Und so war das auch nach dem Spiel. Nach der Niederlage gegen uns waren die Nigerianerinnen zwar enttäuscht, aber das hat bei denen nicht lange gedauert, die hatten schnell zu ihrer Lockerheit zurückgefunden. Schon im Stadion waren die ganz wild darauf, Trikots zu tauschen. Von der Nummer 1 bis zur Nummer 18. Und die haben es nicht nur beim Trikot belassen. Die wollten sogar Hosen und Stutzen tauschen. Und das hätten die auch schon auf dem Platz gemacht.

Ich bin ja eigentlich auch eine Freundin vom Trikottauschen. Ich finde es klasse, die Trikots von den anderen Mannschaften zu haben, gegen die man gespielt hat. Das ist ein super Andenken.

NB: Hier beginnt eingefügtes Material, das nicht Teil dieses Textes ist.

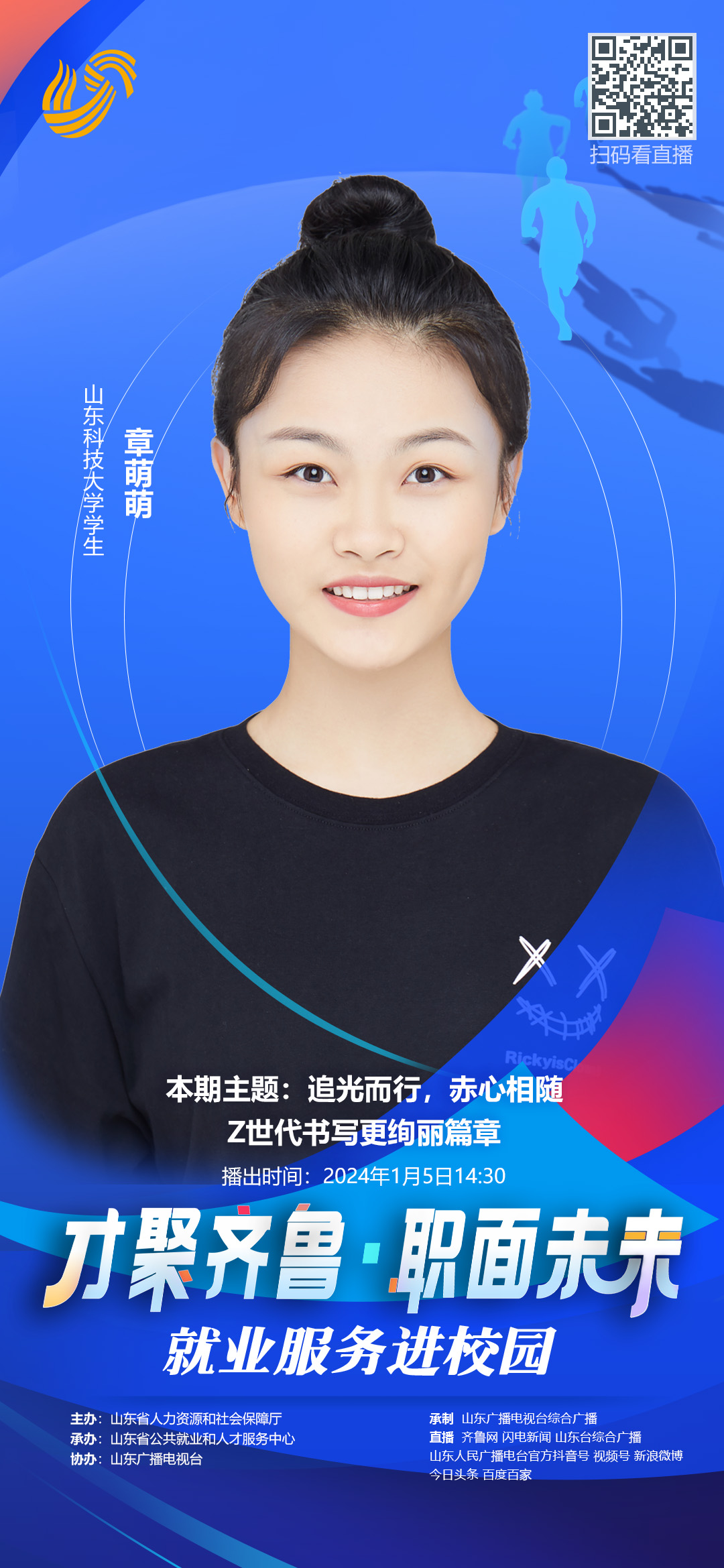 由山东省人力资源和社会保障厅主办、山东省公共就业和人才服务中心承办、山东广播电视台协办的“才聚齐鲁•职面未来”公益就业指导直播课将于1月5日14:30播出。304永利集团官网入口新能源材料与器件专业2024届毕业生章萌萌受邀做客直播间,进行“追光而行,赤心相随——Z世代书写更绚丽篇章”主题分享。这次直播课将深入探讨在职场中面临的挑战,以及如何勇敢迎接未知。章萌萌将分享她和身边朋友们在求职、成长过程中的心得,与您共同思考在竞争激烈的现实中如何闪耀光芒,书写自己的职业传奇。

Und das sind ja auch Raritäten, das sind Originaltrikots. Aber dennoch hatte ich diesmal davon abgesehen zu tauschen. Selbst als die Nigerianerinnen deswegen bei uns vor der Kabine standen und auch später, als sie bei uns im Hotel auf unserem Stockwerk waren. Aber ich musste eisern sein. Ich konnte mich nicht erweichen. Ganz einfach deswegen, weil ich zu Hause versprochen habe, ein oder zwei von meinen Trikots mit nach Hause zu bringen. Wenn ich das nicht mache, kriege ich so einen drauf…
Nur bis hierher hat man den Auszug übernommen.